DANIEL OLIVAS: Can you remember the first Robert Rodriguez film you saw and your reaction to it?

FREDERICK LUIS ALDAMA: I was one of the many who sold out opening shows of El Mariachi in Berkeley. The UC Theatre double-billed it with his short, Bedhead. As an undergraduate at UC, I was finding my way to Latino popular culture. I was a grader for a Latino Cinema course with Dr. Mario Barrera. Both films blew me away. In only a few minutes Bedhead took me places only film could: a recognizable everyday but where things could happen that defied the logic of this everyday reality.

My eyes peeled wide with El Mariachi. I’d seen—and even studied—films like Born in East LA and The Ballad of Gregorio Cortez, but never seen a Latino film made in the spirit of a comic book, and yet that took me into the serious—deadly even—underworld of Mexican narcotraficantes. The intercut of a dream-like sequence with the little boy and the turtle stayed with me long after the film’s end.

DO: Rodriguez’s early filmmaking style was driven, in large part, by a lack of funding but a great deal of imagination. And you observe that his “independent” work ethic does not fit well with big studio production culture. Was Rodriguez destined to be an “indie” filmmaker?

FLA: Rodriguez seemed destined for the straight-to-VHS, B-flick Spanish-language market—all those films we used to pick up during our weekends at La Pulga/”Flea Market.” But it’s that same DIY approach (together with a huge amount of skill) that allows him to energize and make real (reel?) a vision that steps to a different beat.

To put it in your terms, then, I’d say he’s indie but with an imagination that fills to the edges super blockbuster screens. He’s a Latino director who pushes the envelope—constantly—both in terms of story and the way he gives cinematic shape to story. But he’s not the guy we go see at an art-house fest to then have polite tête-à-têtes over the Lacanian significance of a turtle crossing the road. His films entertain—and each superbly so with each of their respective audiences in mind: kids with Spy Kids and geeked-out Fangoria crowds with From Dusk Till Dawn, for instance. They make you think but never demean or belittle us as an audience. Mostly, and this from Spy Kids to Planet Terror to Machete to El Mariachi—they stay with us long after they’re over.

Frederick Luis Aldama

DO: If you were to choose one Rodriguez film for adults and one for children, which would they be and why?
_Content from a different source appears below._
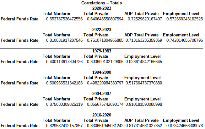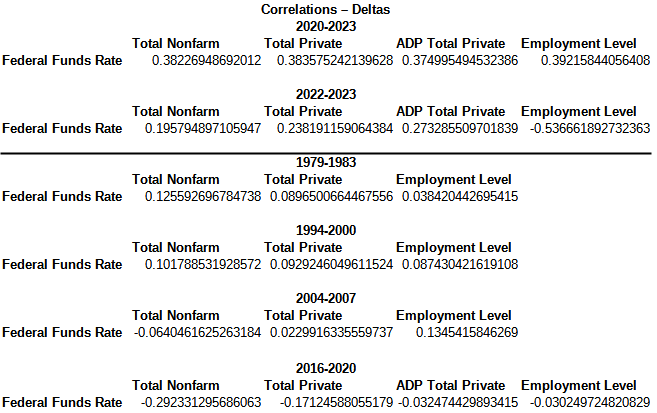 If we look at the correlations between employment levels and the federal funds rate itself during these same intervals, we see somewhat stronger positive correlations—but no inverse correlations.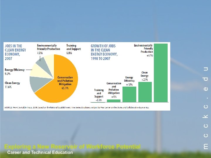 What Role Can Community Colleges Play? • Starting point for many students, and in particular for the economically disadvantaged • Many green jobs require more than a diploma but less than a four-year degree • Major feeder to 4 -year colleges and research universities and also directly to the workforce • Responsive to community and employers – community colleges are required to have external advisory boards for career programs

FLA: Rodriguez hit the sweet spot with the Spy Kids films. With the exception of the third installment (Game Over) that’s creatively straightjacketed by the video-game conceit, everything about the films speaks to children, tweens, and young teens: from the gadgets, to the gags, to the concerns and anxieties—and the daydreams and unrestrained imagination.  In a sea of films ostensibly made for kids (Shrek, for instance) but where the humor bites with an adult-directed sarcasm, irony, and innuendo, there’s no outdoing the Spy Kids flicks as films for kids. 

Rodriguez managed to pull off an extraordinary feat with Machete. It’s over the top, and it’s meant to be in that comic book way where anything goes. This elastic container, if you will, allows Rodriguez to bring to light some serious issues: anti-immigration laws, racial profiling, and anti-Latino racist sentiment generally. Masterfully, he makes a film that simultaneously entertains—and sometimes with bellyaching laughter—and that has us churning in our minds a reality filled increasingly with barbarous acts.